Statement

The Life of a Norwegian Pioneer

One brother in South Dakota and one in Norway share their lives through letters.

HUMANITIES, May/June 2012, Volume 33, Number 3

“Dear unforgettable brother Knut A. Stavig . . . America is good for everyone,” wrote Lars Stavig in 1881 from Minnesota to his half brother in Norway. Five years earlier, Lars, his wife Maren, and their three young sons had left their small farm and fishing life in Romsdal, Norway, to make a new life on the prairie.

The brothers exchanged more than 150 letters across the ocean, sharing their successes, failures, faith, and sorrows. The rare back-and-forth record covering more than fifty years has left side-by-side portraits of the American immigrant and the life he left behind in the old country. “This is the most unique collection in Norway,” says scholar Rasmus Sunde about the Stavig letters. “We have lots of letters from America to Norway, but we have very few of both sides of the Atlantic, and only for a few years.”

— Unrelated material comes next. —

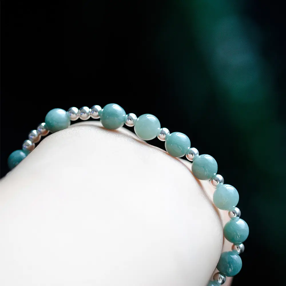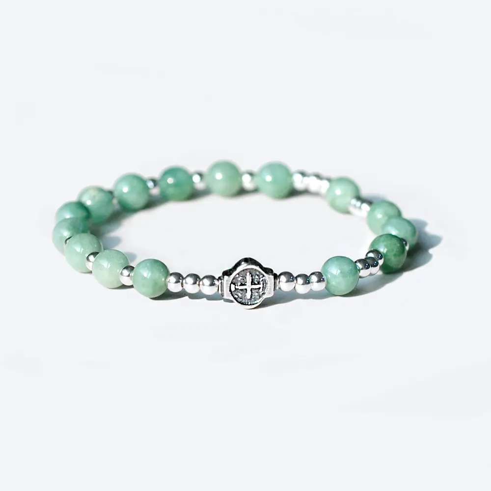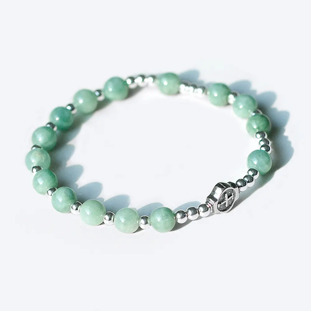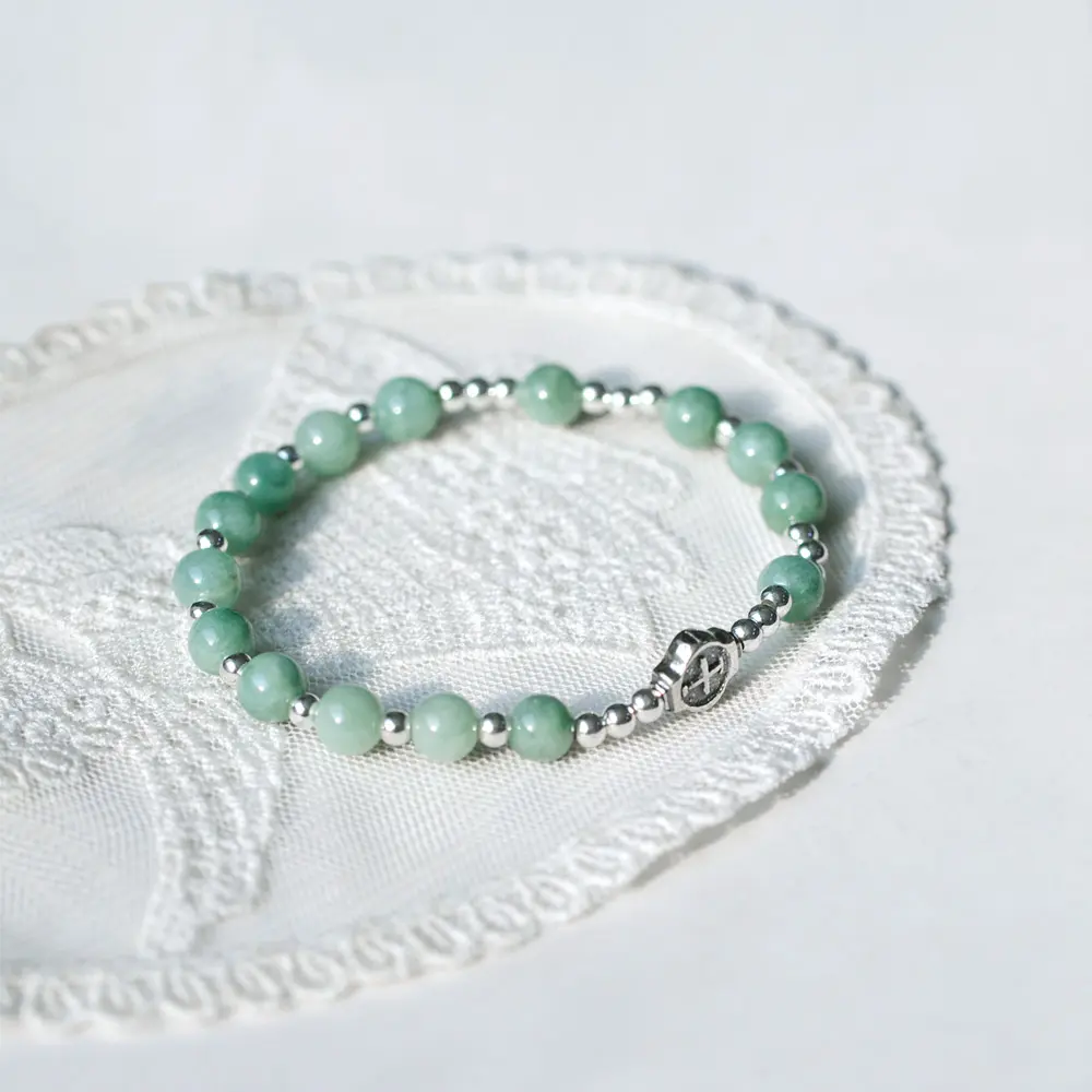 3A급의 옥으로 구성된 1단 묵주팔찌입니다.

The correspondence was uncovered by Lars’s grandson, Harold Torness, who heard about the letters while visiting relatives in Norway, and then discovered the other half stored in a garage in California. After having them translated (all were written in Norwegian), Torness believed he had something special, something that could resonate with other people. And it did. What started as just one family’s story has grown into a readers’ theater performed over fifty times in three states and a documentary (both supported by the South Dakota Humanities Council), a house museum, a book in Norwegian, and an upcoming book from the South Dakota State Historical Society Press. The documentary was recently awarded a Regional Emmy for historical documentary from the Upper Midwest Chapter of the National Academy of Television Arts & Sciences.

Lars settled in South Dakota. His homestead grew, as did his family, and he listed his acquisitions proudly to his brother, reporting that he had thirty cows, fourteen horses, and twenty-six chickens at one point. Knut asked, “What use is the milk you get from so many cows?”

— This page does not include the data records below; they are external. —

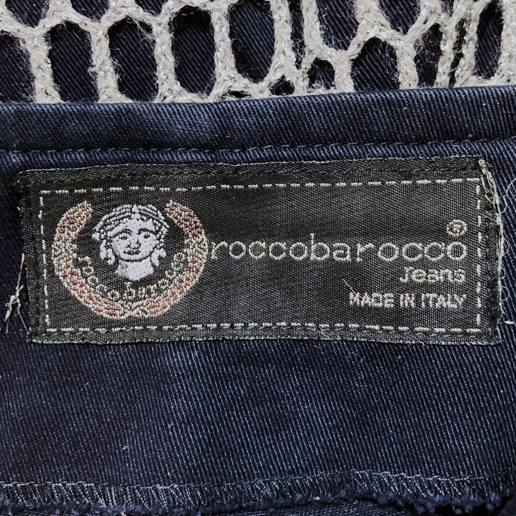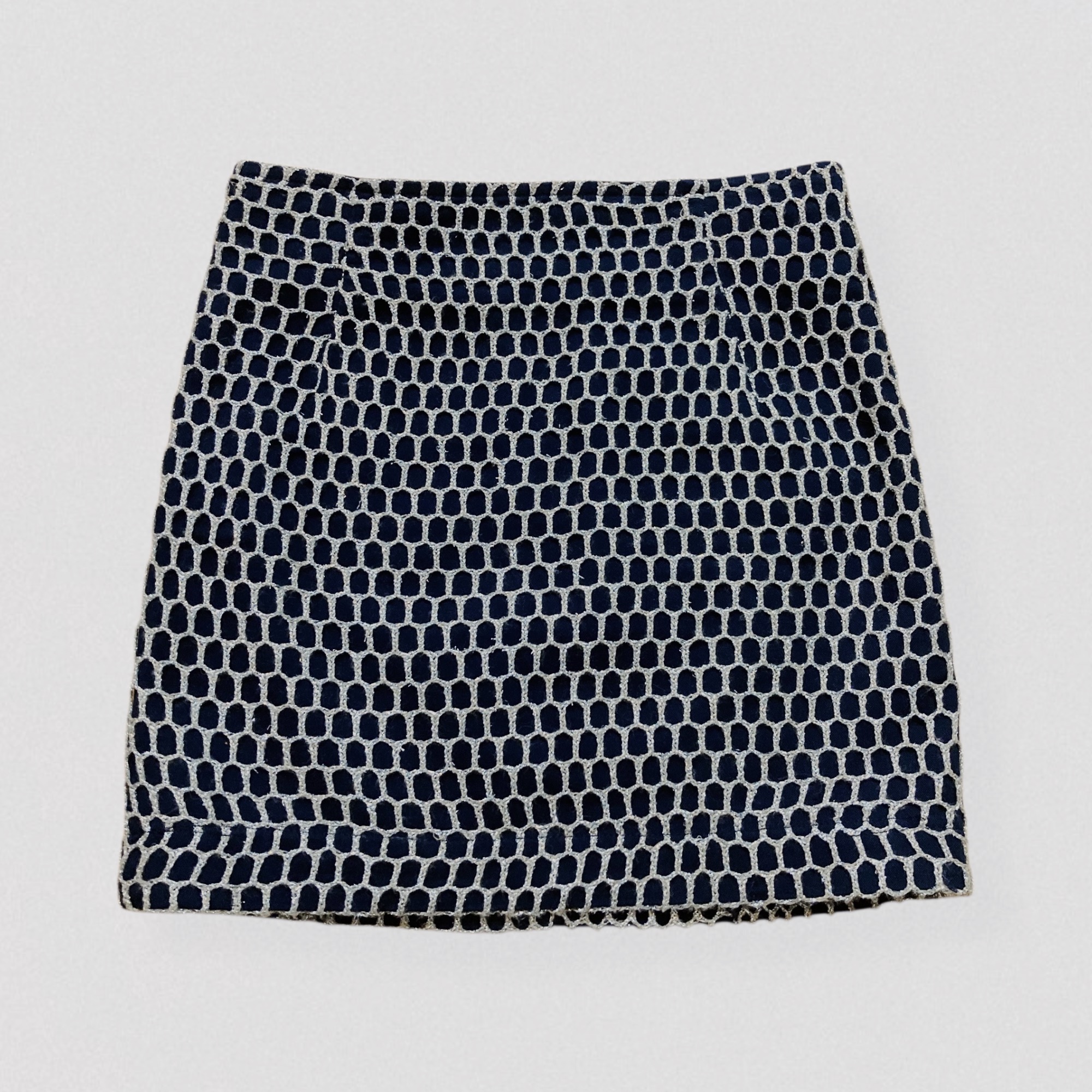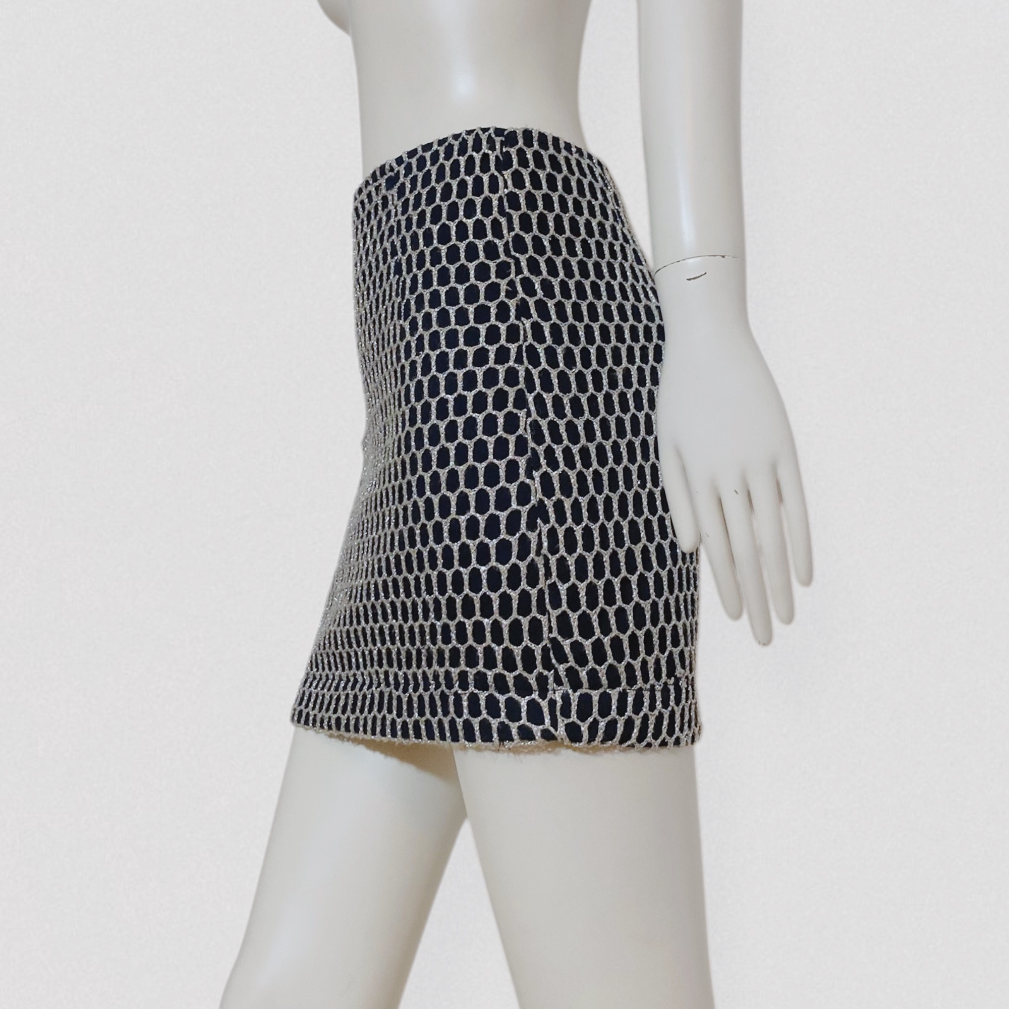 Vintage 80s black tube mini skirt with silver fishnet style embroidery by the Italian brand Roccobarocco, Jeans line. This high-waisted mini skirt features a fitted, bodycon silhouette. It is crafted from thick black cotton and topped with a second layer of oversized silver fishnet mesh, allowing the fabric underneath to show through. The skirt closes with a zipper.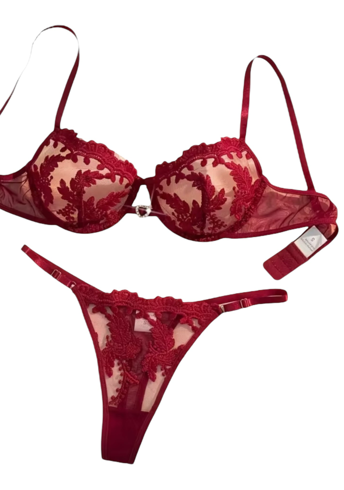 Plongez dans l’intensité de l’Élégance Carmine, un ensemble lingerie envoûtant qui allie sensualité et raffinement. Sa dentelle florale rouge passion sublime les courbes, tandis que ses détails transparents apportent une touche de mystère irrésistible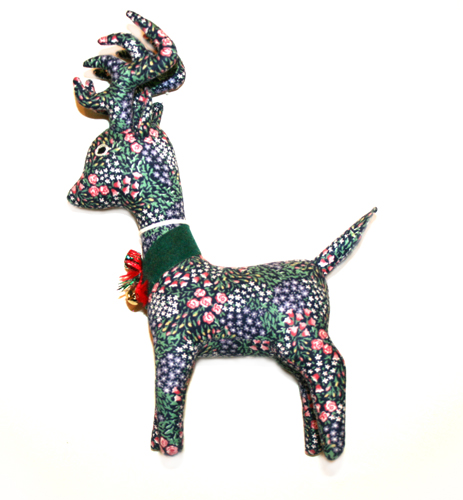 CO6: The animal shown in the photo is a reindeer. It was made with a floral pattern cotton fabric, and stuffed with cotton. The eyes of the reindeer were hand sewn with chain stitches. This piece was made in the United States. The reindeer is a Christmas icon; therefore, it was made to be sold as an ornament for Christmas to non-Hmong customers.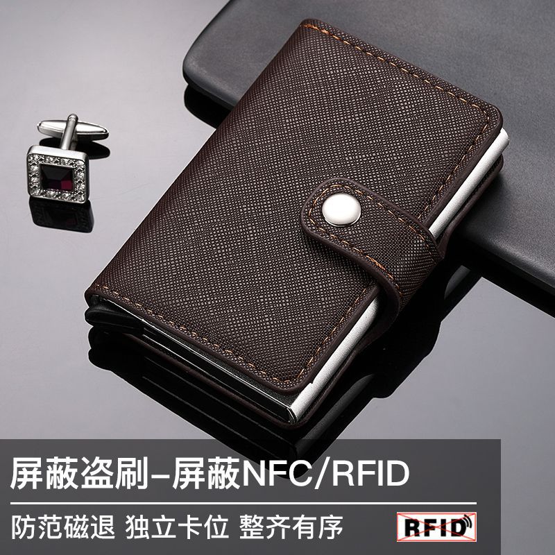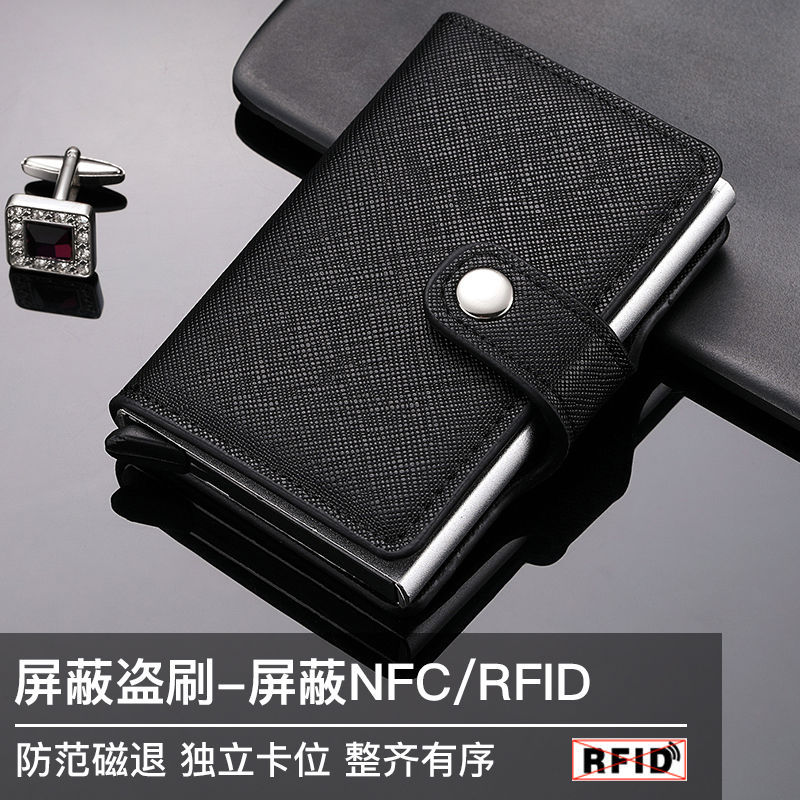 盗難防止 メタル カードケース RFID プッシュ クレジットカード アルミ合金ケース 財布 メンズ カード収納 銀包 カード レザー

Lars often had advice for his brother, telling him to come to America or to settle down. “Don’t let the devil rule over you. Find yourself a woman, Knut Stavig,” he wrote. Knut offered his own wisdom: “Don’t let the savior’s blood run in vain for us,” he urged his brother, frequently concerned for Lars’s soul.

The possibilities and progress of farming in America thrilled Lars. When new threshing machines came into use, he told Knut that threshing time was “like a big wedding except we don’t use whiskey.” Lars lived to see electricity, indoor plumbing, and cars become standard amenities, and to see world politics hit the prairie. “What sad times we are living in,” he wrote in 1917. “A large company of soldiers left from our town. They are our young sons. We follow them to the train as if we are a funeral procession. Then we old people are left behind.”

Lars’s experience makes for a classic immigrant story. He establishes a successful farm, his children go off and become educated and then find spouses and their own successes: The three oldest sons come to own the largest general store in the upper Midwest. The American Stavigs are so affluent they send money to help their Norwegian relative during hard times following his wife’s death.

America is good to Lars, until 1908 when his own wife dies. He moves into his son’s house in town, and there becomes despondent and lonely. “Everything is going well, and then Lars suffers from being human,” says Wayne Knutson, a retired professor of English and theater at the University of South Dakota, who crafted the readers’ theater adaptation. Knutson culled through the letters, setting ground rules to ensure authenticity, but allowing himself the freedom to skip around chronologically and pick and choose the parts of the letters that worked best dramatically.

“The dramatic issue,” says Knutson, “was that suddenly, after all the successes and celebration of being in this country, he found himself over sixty, his wife dies, the children have all left, and he’s alone. Where he loved his language, the Norwegian language, the grandchildren are no longer speaking it. An alienation sets in.” Lars, who had once announced, “I am now a stranger to all things at home in Norway,” soon finds himself writing, “Memories of my childhood and youth will follow me to the grave.”

In the documentary, we see the older Lars, living in a room of his son Peter’s house, looking out an ice-encrusted window onto the prairie. If you squint, you’re not sure if it is grass or ocean swells undulating in the wind. Perhaps Lars was reminded of the similarity when he wrote, “I don’t believe anyone can understand me. The world reminds me of a frothing sea, which can turn us in any direction.”

Lars died in 1933, at the age of ninety; Knut lived until he was ninety-nine, passing away in 1950. Because of their letters, their descendants—such as Lars’s grandson who portrays him in the film and great-granddaughter Jane Rasmussen, who plays the narrator on stage—have an insight into the lives of these men and their universal stories. When Knutson played Lars on stage for many years, he would ask audiences afterward to look for their own families’ letters, and to “put something to paper. There is nothing quite so lasting as these old letters. We owe it to the next generation.”